My personal mid-life crisis entailed going back to school. Because library jobs were plentiful, my training and temperament suited the profession, and I'd been interested in the law ever since I saw Inherit The Wind as a 10 year old, rapidly devouring Irving Stone's Clarence Darrow for the Defense the next week, I decided to pursue an Information Systems degree and sell myself to the biggest/richest law firm I could find in a city I could stand to live in for at least five years. Like Mr B, I guess I too left something in the Bay Area [ed. We can only assume it wasn't a heart]. Thus I managed to crib the holy grail of Legal Librarian jobs, a junior position at Pillsbury Winthrop nee Madison & Sutro [ed. probably an Ivy league summa pedigree, Cambridge "starred" first at Milton, Darwin and Schama's Christ's on a Marshall Scholarship then followed by the Stanford PhD had a little something to do with "earning" this coveted position]. So where was I? [consults his handwritten ms] Oh yes, ahem "Curious and with over 10 years training as an archivist (yes much better more succinct, direct, and to the point), I dove into the last cardboard box.
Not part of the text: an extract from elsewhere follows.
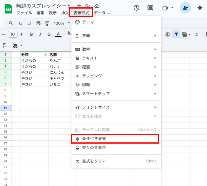 - ツールバーの「表示形式」から「条件付き書式」を選択
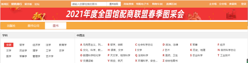 2.1、出版社分会场:按出版社综合分类和出版公司名称展示各出版社图书,点击分类首先展示该类别下的出版社名单,点击出版社名称即可进入选书界面。

A bunch of legal documents, some bank records and then the mother lode. Those 3 inconspicuous black composition books entitled, in handwritten black ink, probably from a Sharpie®, LoveLetters. There was an Act I, an Act II, and an Act III. What follows is my recreated case study of In Re: HFM vs. Jane Does 1–3. Without further let or hindrance [ed. We told him to cut the legal mumbo jumbo . . .sigh], we begin . . .

[1] Luddite a term from 19th century English history referring to anti-industrialists who destroyed looms as well as wool and cotton mills in the Midlands first (Nottinghamshire), but then primarily in Northern England (the west Riding of Yorkshire and Lancashire); one of their primary defenders was Beinstock's culture hero Lord Byron. More recently in his epochal The Making of the English Working Class, E.P. Thompson has forwarded the thesis that Luddites were not anti-technology but rather were worried about the abolition of set prices and the introduction of the free market.
[2] This is a rather curious list for 2008 as Ernie's, Geordy's, and Alain Rondelli had long been closed, but then we assume Beinstock dined there during his halcyon graduate school days. Elsewhere he has written rhapsodically about an earlier memorable meal at Chez Panisse (2nd seating) with his Princeton college roommate Chauncey Frobisher whose Lazard Frères expense account covered the bill.
[3] More than most people! A trait at once infuriating, charming and somewhat unique. Beinstock defines knowledge and the art of knowing a bit about some topic differently than the average person; when he says he doesn't know about something be very wary because chances are he knows a lot more about it than you do. He just defines "knowing" something as being considered close to a last word expert on the topic: "anything less is NOT KNOWLEDGE" he once (in)famously exclaimed to a student who was complaining about the difficulty of his final exam for a split-level junior, senior, and master's candidate class on the 17th century.